Assignment
Shown below is a listing with pictures; reproduce exactly, and only, the lines between the ones containing "走ってるうちにタイラップとタイラップの間に遊びができマフラーに接触。" and "石原帆夏さんの総運は31画の5点!", inclusive, leaving the pictures out.

### Given data ###

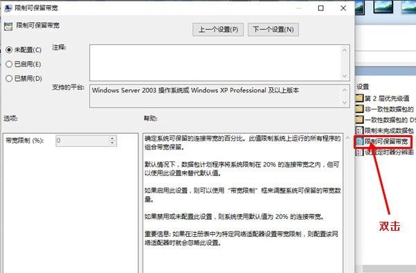 3、雙擊右側(cè)“限制可保留寬帶”彈出對話框,可以看到默認(rèn)設(shè)置為未配置,下面的說明顯示:如果禁用或未配置此設(shè)置,則系統(tǒng)使用默認(rèn)值為20% 的連接帶寬,因此電腦是被限制了20%的寬帶;
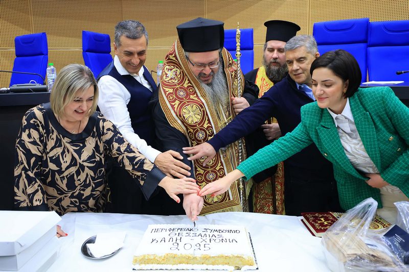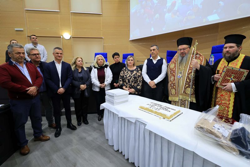 Η συνεδρίαση του Περιφερειακού Συμβουλίου ξεκίνησε σε εορταστικό κλίμα, καθώς πραγματοποιήθηκε η τελετή αγιασμού και η κοπή της βασιλόπιτας, χοροστατούντος του Σεβασμιωτάτου Μητροπολίτου Λαρίσης και Τυρνάβου, κ.κ. Ιερώνυμου. Τυχεροί αποδείχτηκαν η εντεταλμένη περιφερειακή σύμβουλος Σποράδων Αμαλία Γραβάνη και η επικεφαλής των «Ενωμένων Θεσσαλών» Ελευθερία Τζανακούλη, οι οποίες κέρδισαν από ένα γούρι, ενώ σε κλήρωση που ακολούθησε από μία διανυκτέρευση σε ξενοδοχεία της Θεσσαλίας κέρδισαν οι περιφερειακοί σύμβουλοι Ν. Ντίτορας, Γ. Αναστασίου, Γ. Τέας.
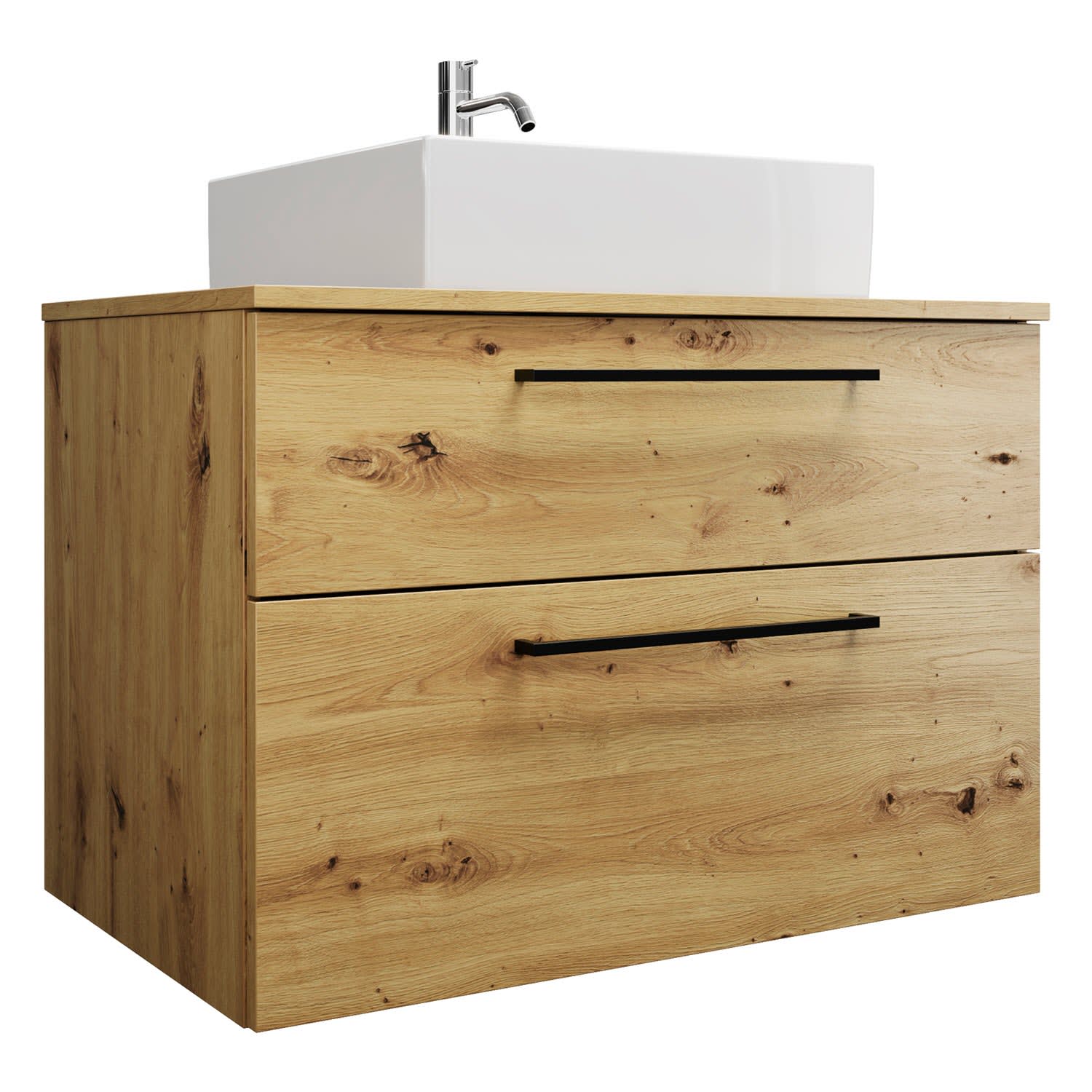 burgbad Eqio Waschtischkombination mit Keramik-Aufsatzwaschtisch 90 cm, mit Stangengriff G0234
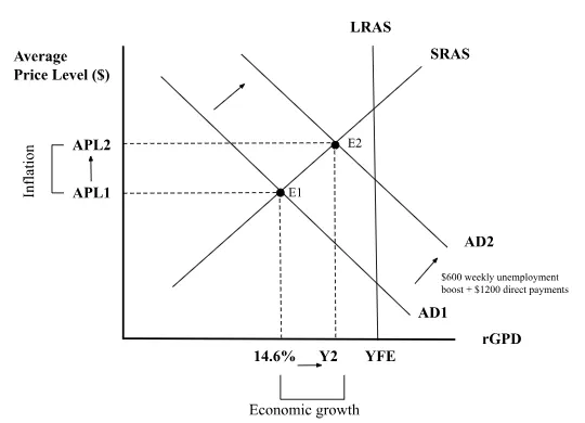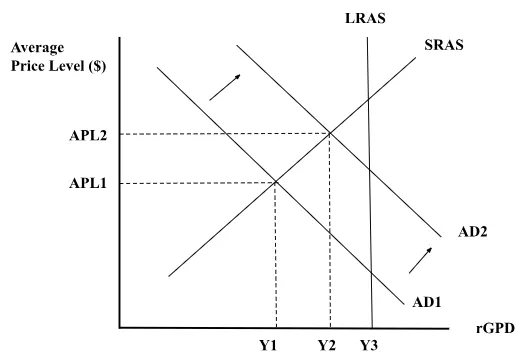 When explaining, the student can say: The increase in economic growth from Y1 → 14.8% will increase in APL1 → APL2 resulting in inflation.
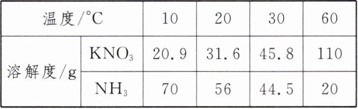 9. 压强为$101kPa$时,硝酸钾和氨气在不同温度下的溶解度如下表。下列说法正确的是(
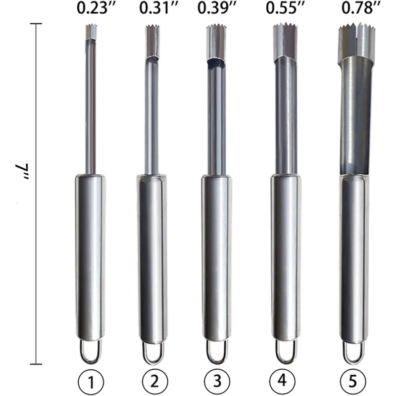 - sizes: Here are 5 diverse sizes of hand-held corer and 1 jalapeno corer, Caliber: 0.78'', 0.55'', 0.39'', 0.31'', 0.23''.
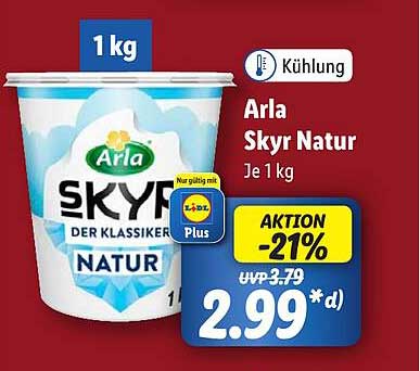 Sehen Sie sich jetzt das Arla Skyr Natur Angebot im Lidl Prospekt an. Dieses Angebot ist gültig von 30.12.2024 bis 04.01.2025.
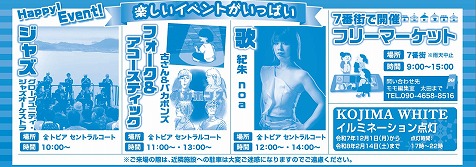 | お問合せはこちらまで 〒711-0921 岡山県倉敷市児島駅前1-100 ナイカイ第一ビル8F 児島商工会議所内 児島駅前三白市実行委員会事務局TEL.086-472-4450 FAX.086-474-3506 |
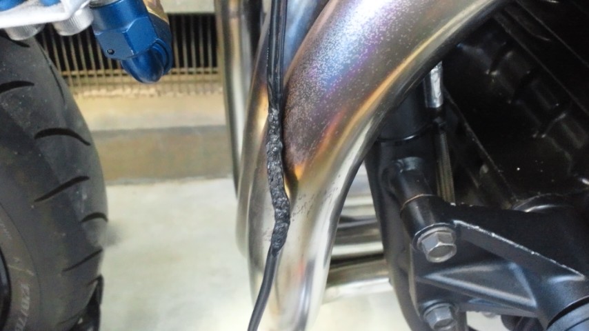 走ってるうちにタイラップとタイラップの間に遊びができマフラーに接触。
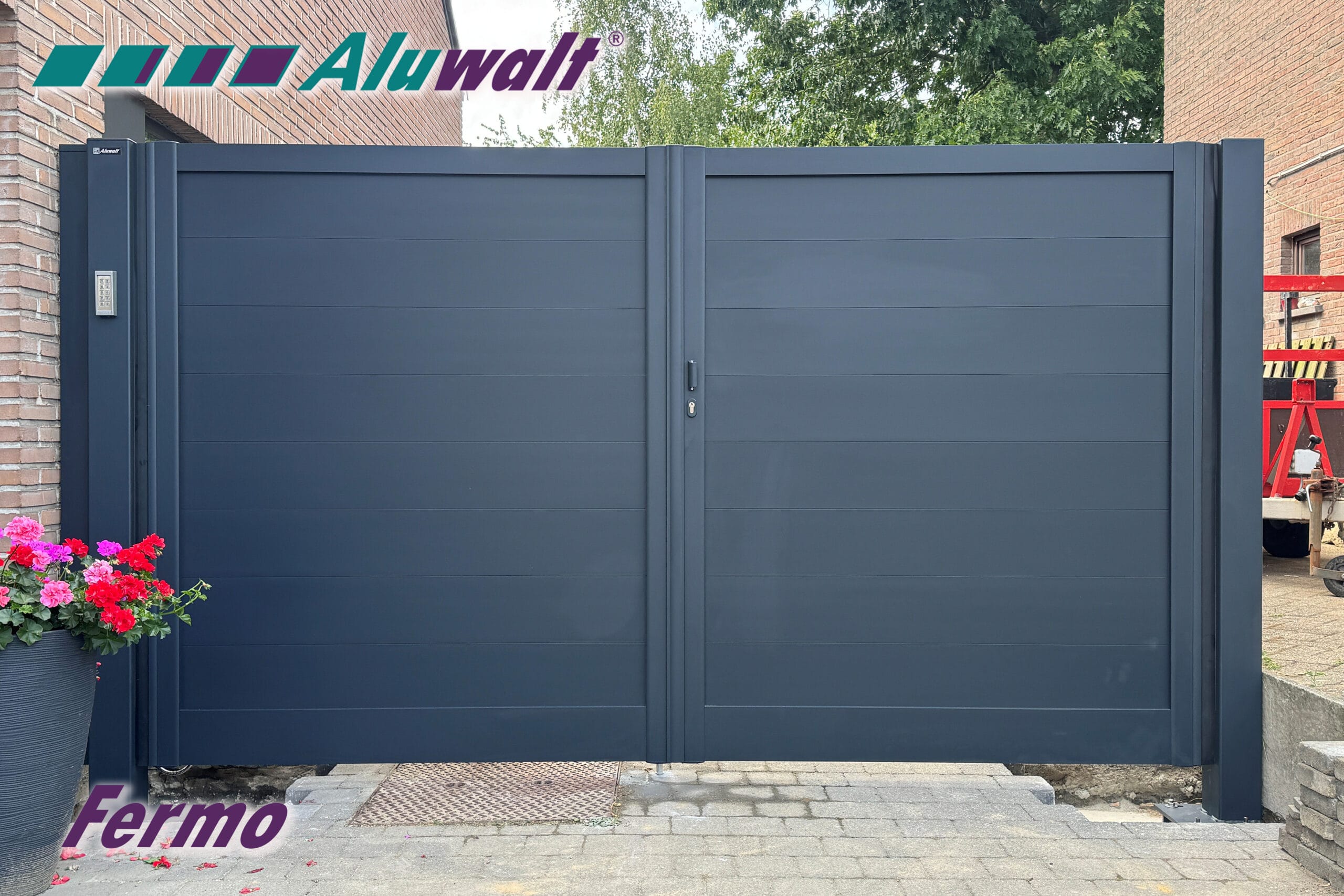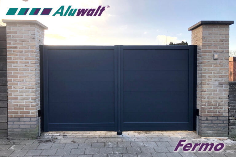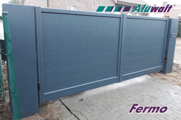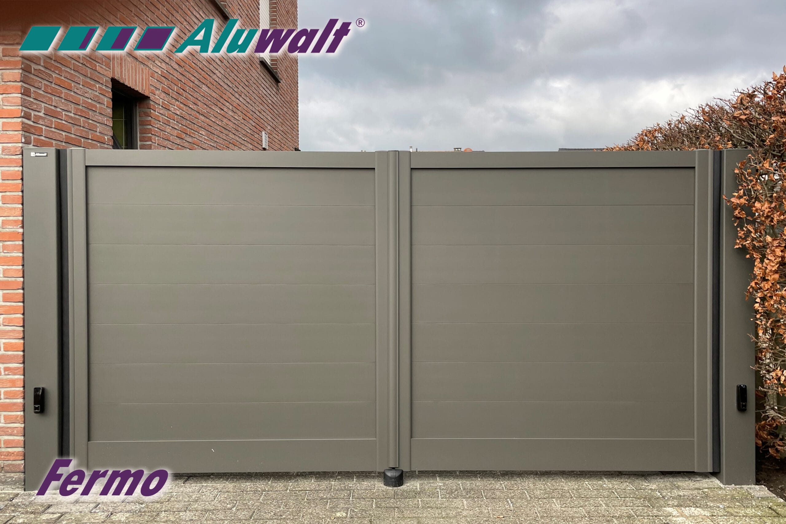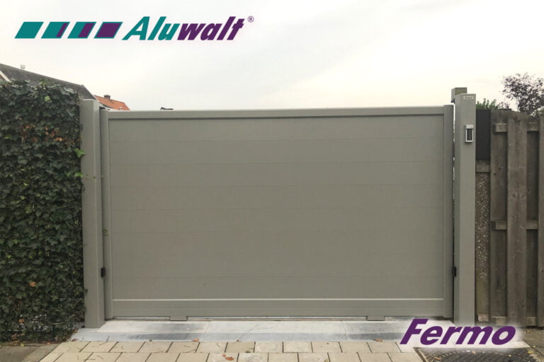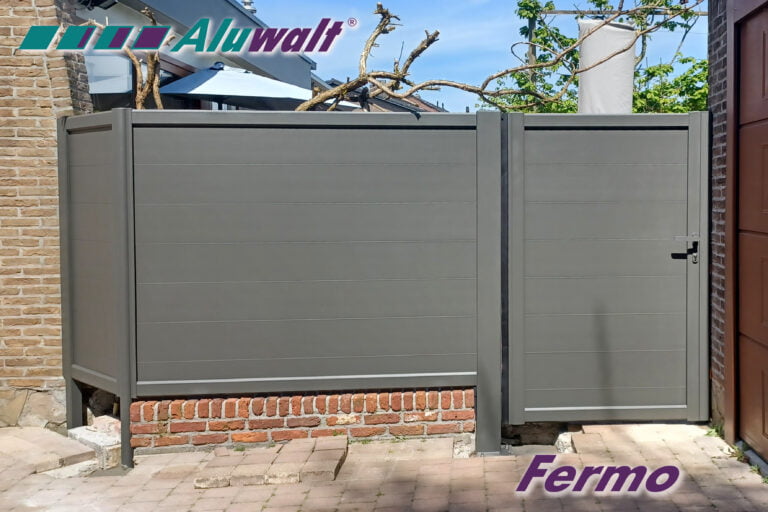 Dit poort/hek is samengesteld uit horizontaal of verticaal geplaatste aluminium lamellen van 20 cm hoog.
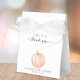 Cute gender-neutral baby shower favor box featuring "thank you" in simple grey typography and a stylish script with swashes, and an orange pumpkin watercolor.
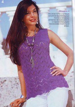 Топ с ажурными зигзагами Размеры: 36/38 (40/42) 46/48 Вам потребуется: 300 (350) 350 г лиловой пряжи Мало (90% хлопка, 10% полиамида. 140 м/50 г); спицы № 5: кр...
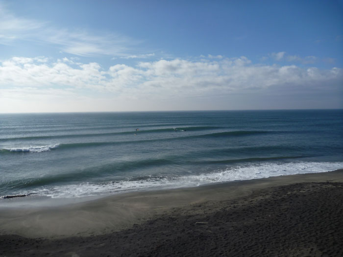 うねりはあるのでしばらく様子を見ていましたが、潮が多すぎで崩れません。昼にはオンショアが吹きそうなので早めに出てみましたが、ちょっと早すぎでした。オンショアとうねりと潮の時間と、タイミング的に今日はダメかなあと、テンション下がり気味。
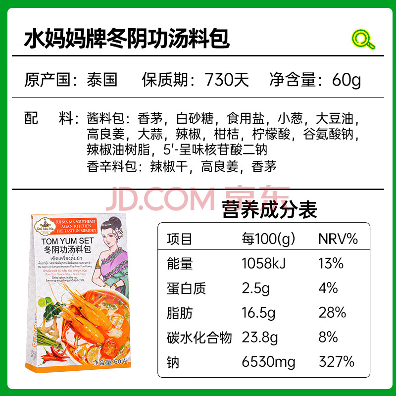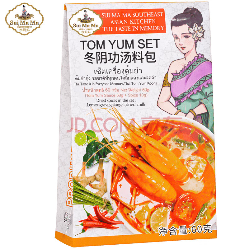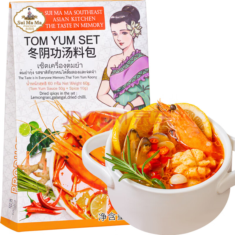 商品相册:水妈妈泰国进口 冬阴功汤料包 火锅底料酱包 酸辣酱料香辛料包调料 60g第1张/共6
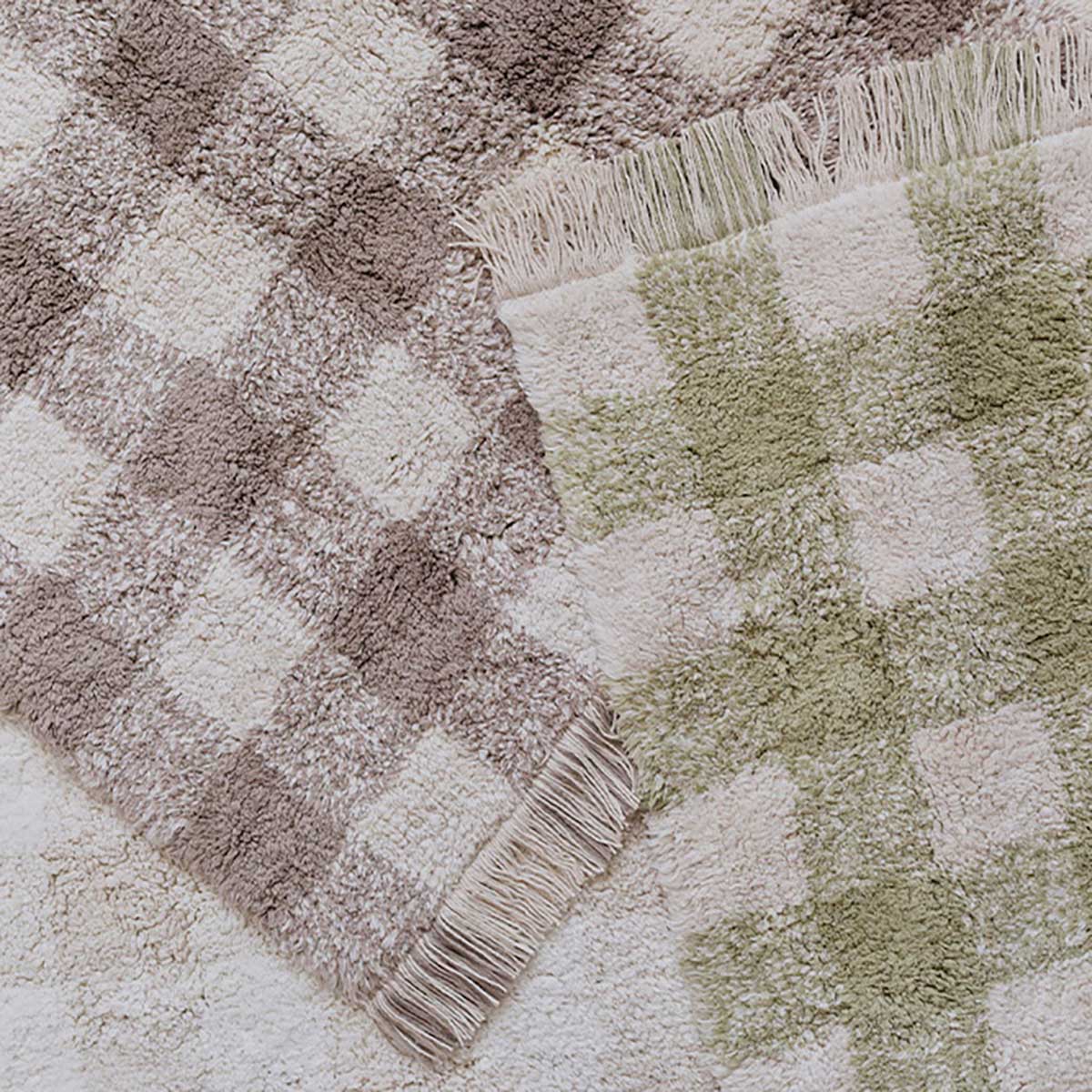 Tapetes laváveis em padrão vichy com franjas divertidas. Combinações perfeitas com os puffs e mantas da mesma linha. Um design atemporal com toque moderno.
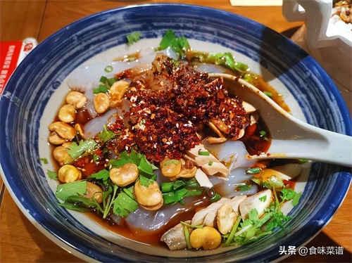 选用优质土豆淀粉为主要原料,经过多道工序精制而成,豆腐干和蚕豆的加入,使得凉粉口感更加丰富,既有豆腐干的细腻,又有蚕豆的香脆。
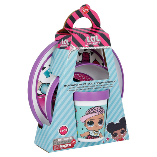 LOL 3pcs Bicolor Premium Kids Dinner Tableware Set Plate, Bowl & Tumbler, BPA Free
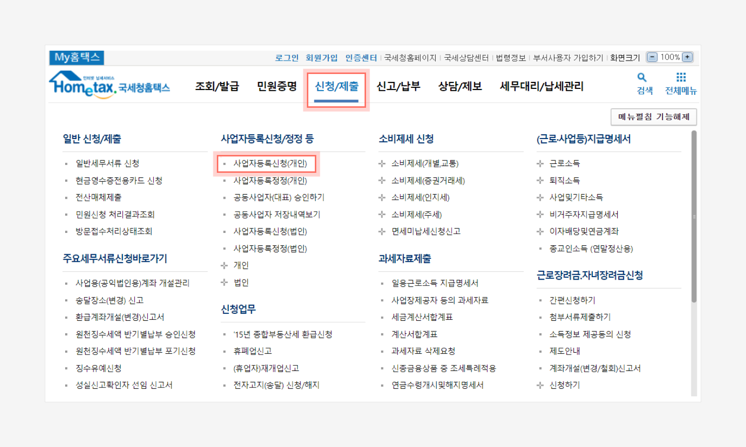 국세청 홈택스 바로가기
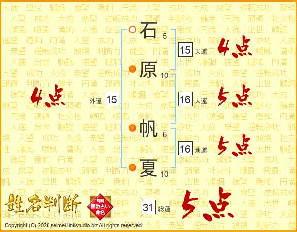 石原帆夏さんの総運は31画の5点!
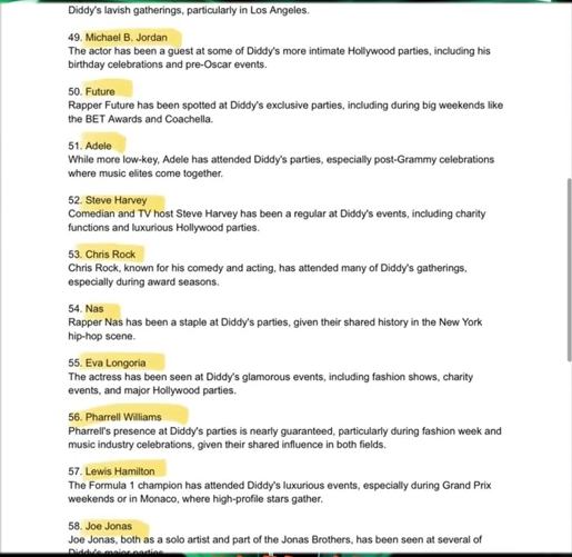 外网近日突然爆出一份所谓的吹牛老爹做i派对名单,多达100多为娱乐圈大咖以及政界名流。其中有贾斯汀比伯,著名说唱歌手50美分以及西海岸文化缔造者史努比狗狗。更令人震惊的是,总统候选人哈里斯竟然也名列其中。

###

Response
 走ってるうちにタイラップとタイラップの間に遊びができマフラーに接触。
 Dit poort/hek is samengesteld uit horizontaal of verticaal geplaatste aluminium lamellen van 20 cm hoog.
 Cute gender-neutral baby shower favor box featuring "thank you" in simple grey typography and a stylish script with swashes, and an orange pumpkin watercolor.
 Топ с ажурными зигзагами Размеры: 36/38 (40/42) 46/48 Вам потребуется: 300 (350) 350 г лиловой пряжи Мало (90% хлопка, 10% полиамида. 140 м/50 г); спицы № 5: кр...
 うねりはあるのでしばらく様子を見ていましたが、潮が多すぎで崩れません。昼にはオンショアが吹きそうなので早めに出てみましたが、ちょっと早すぎでした。オンショアとうねりと潮の時間と、タイミング的に今日はダメかなあと、テンション下がり気味。
 商品相册:水妈妈泰国进口 冬阴功汤料包 火锅底料酱包 酸辣酱料香辛料包调料 60g第1张/共6
 Tapetes laváveis em padrão vichy com franjas divertidas. Combinações perfeitas com os puffs e mantas da mesma linha. Um design atemporal com toque moderno.
 选用优质土豆淀粉为主要原料,经过多道工序精制而成,豆腐干和蚕豆的加入,使得凉粉口感更加丰富,既有豆腐干的细腻,又有蚕豆的香脆。
 LOL 3pcs Bicolor Premium Kids Dinner Tableware Set Plate, Bowl & Tumbler, BPA Free
 국세청 홈택스 바로가기
 石原帆夏さんの総運は31画の5点!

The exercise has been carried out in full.